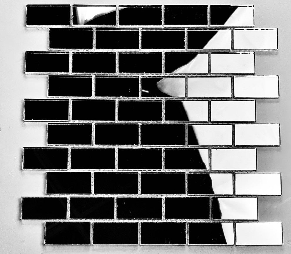 Mirror 1x2 Mesh Mounted Brick Glass Mosaic Tile,Silver, Set of 14 Shts
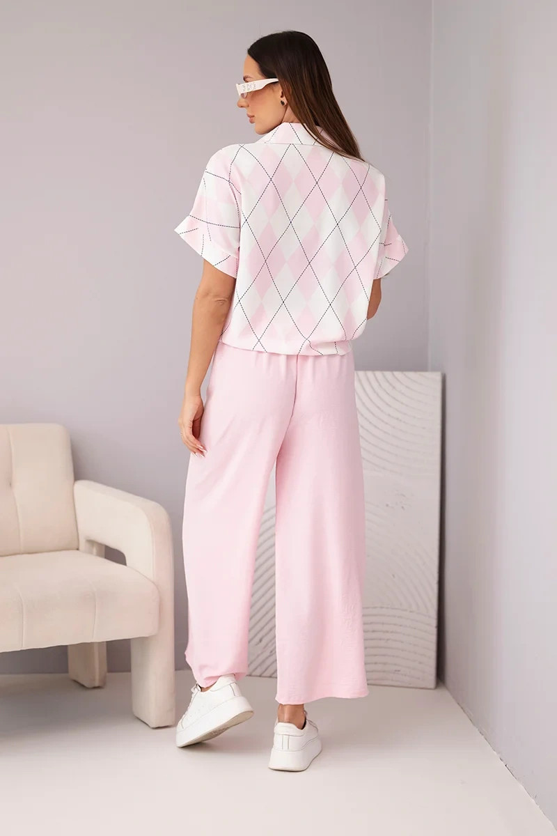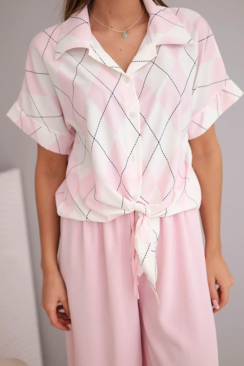 Vsaděte na kouzlo a pohodlí díky tomuto módnímu dámskému setu! Krátká košile s límcem a efektním zavazováním vpředu přitahuje pozornost jemným vzorem v rombích, který dodává celkovému vzhledu subtílní eleganci. Široké kalhoty s gumou v pase vyrobené z lehkého, vzdušného materiálu zajišťují komfort nošení a volnost pohybu po celý den. Tento set je ideální na každodenní nošení, schůzky s přáteli nebo letní procházky. Může se nosit dohromady nebo samostatně, čímž vytvoříte mnoho ženských stylizací.
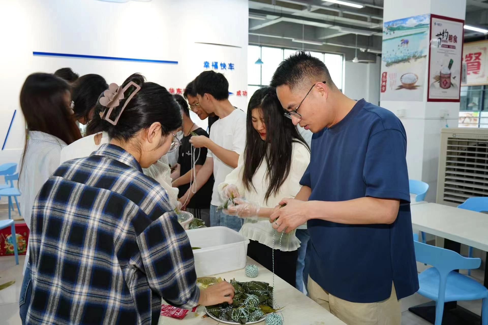 在热闹的气氛中,大家各展所长,分工合作,将粽叶挽成漏斗状,填上糯米、馅料、扎绳,再封口捆扎,巧手翻飞,将节日的祝福包裹进一个个饱满可爱的粽子中。不一会儿,三角的、四角的、长条的,形状各异的粽子在大家的互帮互助中完成了。活动过程中,大家彼此交流包粽子的手法和技巧,一派欢声笑语,洋溢着迎接端午佳节的浓厚氛围。
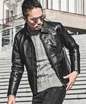 jokerスタッフ(joker)のライダースジャケット「リサイクルレザージャケット メンズ 本革 レザージャケット アウター スイングトップ」を使ったコーディネート
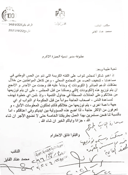 يذكر أنه قد تم توزيع 150 قسيمة شرائية على كل نائب لتوزيعها على للأسر العفيفة في منطقته الانتخابية، وقيمة كل قسيمة 35 دينارا.

TASK ITEM: Give the data again word for word, without pictures.

EXERCISE OUTPUT:
 Mirror 1x2 Mesh Mounted Brick Glass Mosaic Tile,Silver, Set of 14 Shts
 Vsaděte na kouzlo a pohodlí díky tomuto módnímu dámskému setu! Krátká košile s límcem a efektním zavazováním vpředu přitahuje pozornost jemným vzorem v rombích, který dodává celkovému vzhledu subtílní eleganci. Široké kalhoty s gumou v pase vyrobené z lehkého, vzdušného materiálu zajišťují komfort nošení a volnost pohybu po celý den. Tento set je ideální na každodenní nošení, schůzky s přáteli nebo letní procházky. Může se nosit dohromady nebo samostatně, čímž vytvoříte mnoho ženských stylizací.
 在热闹的气氛中,大家各展所长,分工合作,将粽叶挽成漏斗状,填上糯米、馅料、扎绳,再封口捆扎,巧手翻飞,将节日的祝福包裹进一个个饱满可爱的粽子中。不一会儿,三角的、四角的、长条的,形状各异的粽子在大家的互帮互助中完成了。活动过程中,大家彼此交流包粽子的手法和技巧,一派欢声笑语,洋溢着迎接端午佳节的浓厚氛围。
 jokerスタッフ(joker)のライダースジャケット「リサイクルレザージャケット メンズ 本革 レザージャケット アウター スイングトップ」を使ったコーディネート
 يذكر أنه قد تم توزيع 150 قسيمة شرائية على كل نائب لتوزيعها على للأسر العفيفة في منطقته الانتخابية، وقيمة كل قسيمة 35 دينارا.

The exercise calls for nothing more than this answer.